So I would like to first reduce the price by 15% and then change it on the file and then move to the next file.

from BeautifulSoup import BeautifulSoup
doc =
soup = BeautifulSoup(''.join(doc))

Here how do I load the actual file into the doc list? Then I guess find the td class="tbl_price"> and reduce the value by 15%

Thanks
David

david_wislon 0 Newbie Poster · Answer 2 · 2008-06-03T13:09:53+00:00

hello again,
can someone please help me with this as I am stuck.

this is waht I have so far:

>>> from BeautifulSoup import BeautifulSoup
>>> path = '/home/david/test/stack.html'
>>> html = open(path, 'r')
>>> html
<open file ''/home/david/test/stack.html', mode 'r' at 0x5343c8>
>>> soup = BeautifulSoup(html)
>>> ord_tbl_price = soup.findAll('td', {'class': 'order_tbl_price'})
>>> ord_tbl_price
<td class="order_tbl_price"><span class="order_table_price_small"
> >From</span>$23.60</td>
<td class="order_tbl_price">$79.99</td>
<td class="order_tbl_price">$39.99</td>
<td class="order_tbl_price"><span class="order_table_price"><span 
class="order_table_price_small">1 Blister Pack  - </span> $65.95
                </span></td>
>>>
>>> for x in ord_tbl_price:
...     price = float(x.contents[1].lstrip(' $'))
...     x.contents[1].replaceWith('$%0.2f' % (price * 0.85))

>>> # but here I get an error
Traceback (most recent call last):
  File "<stdin>", line 2, in <module>
IndexError: list index out of range
>>> # due to the extra <span>

So, I have a <td> that has a <span> within this with class="order_table_price"

Is there a way to get to the price field and reducing this by 15% and then writing the file out.

Thanks david

paxton91 0 Newbie Poster · Answer 3 · 2011-09-24T00:19:07+00:00

I was getting this error a lot in the past.

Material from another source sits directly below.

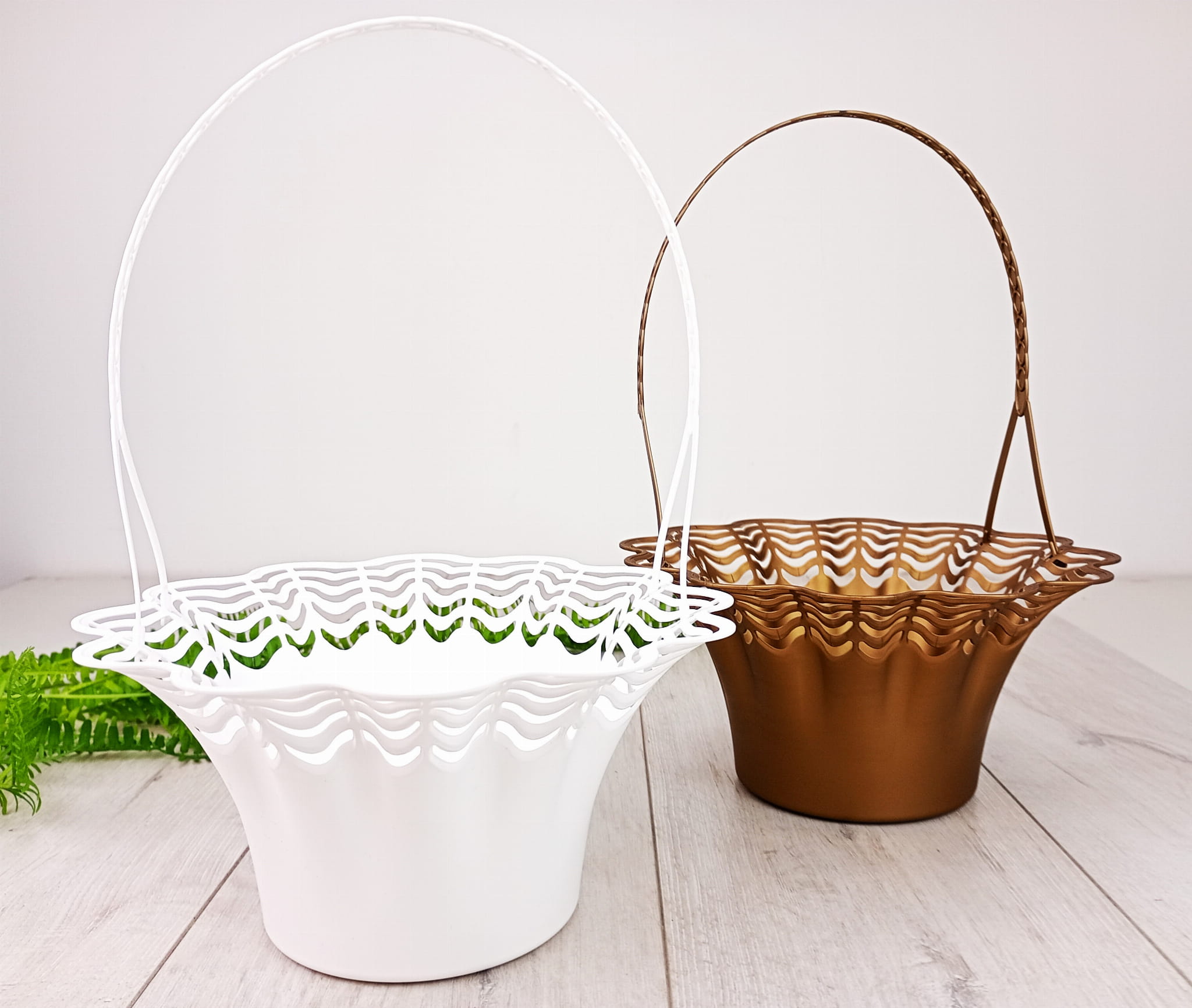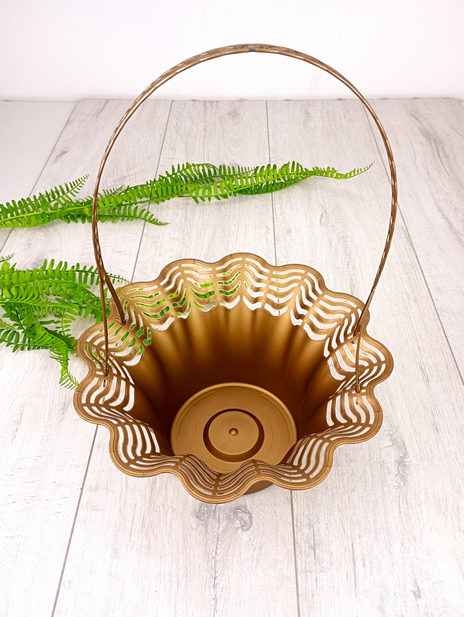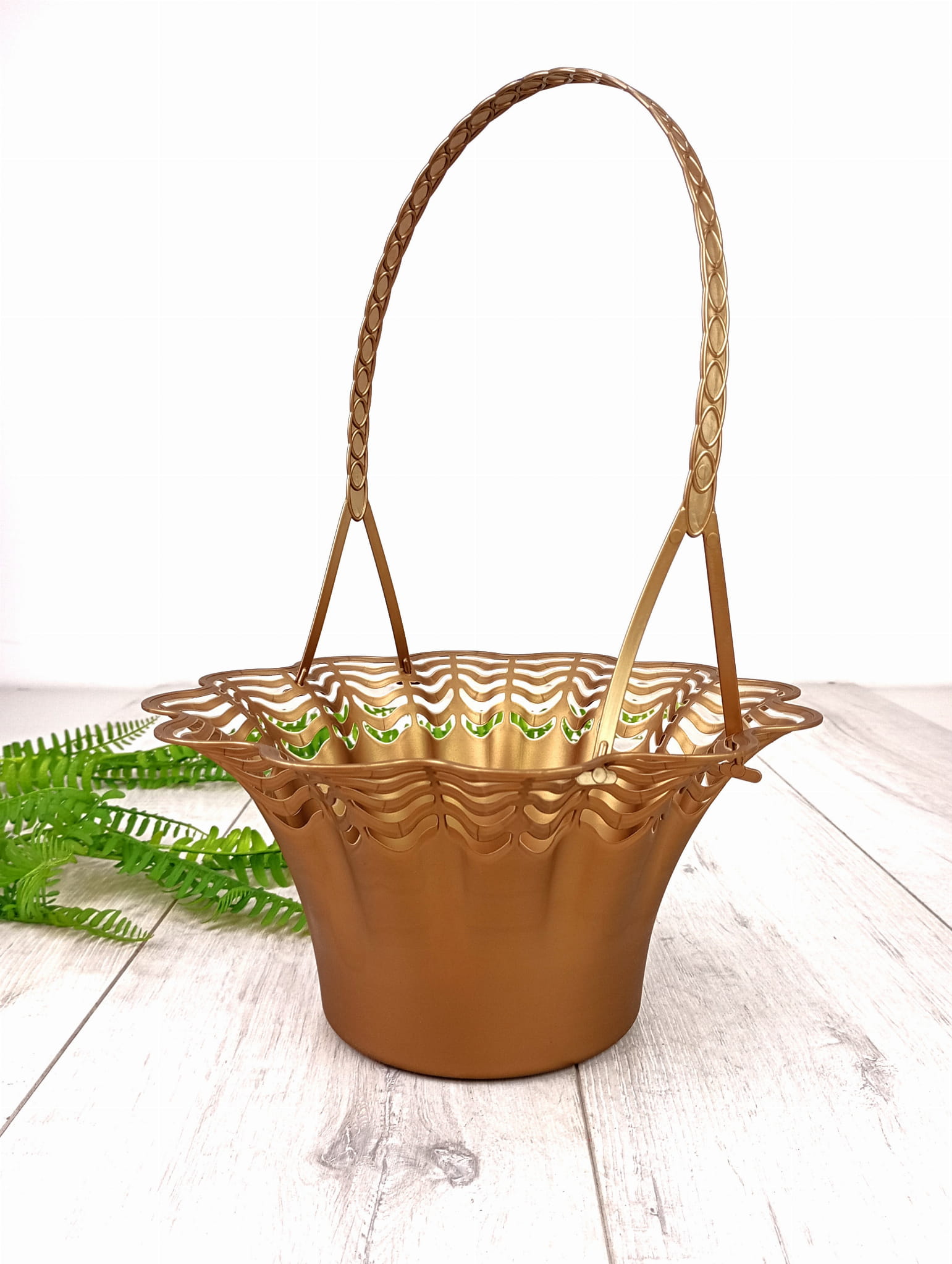 plastikowy koszyczek z kryzą i rączką 1szt złoty
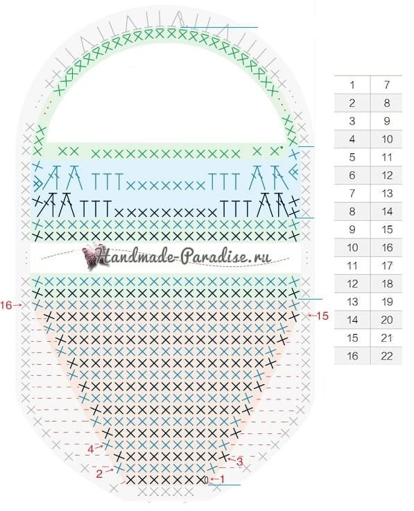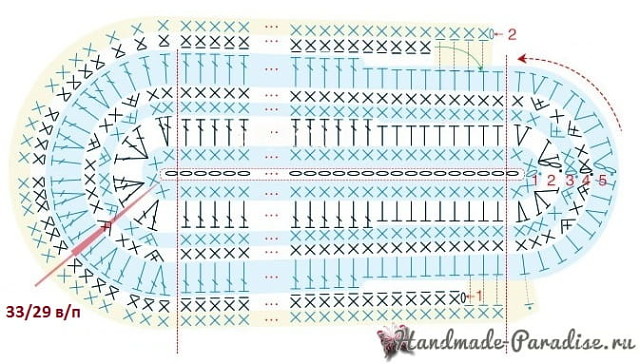 Количество воздушных петель: для размера 27 х 9,5 см = 33 воздушные петли; 24,5 х 9,5 см = 29 воздушных петель.

I was always able to fix this error using range(len(list)). Example:

for i in range(len(list)):

I have really only noticed this with lists though, I think adding range to where you use list (path) should solve this issue.

paxton91 0 Newbie Poster · Answer 4 · 2011-09-24T00:20:15+00:00

I was getting this error a lot in the past. I was always able to fix this error using range(len(list)). Example:
for i in range(len(list)):
I have really only noticed this with lists though, I think adding range to where you use list (path) should solve this issue.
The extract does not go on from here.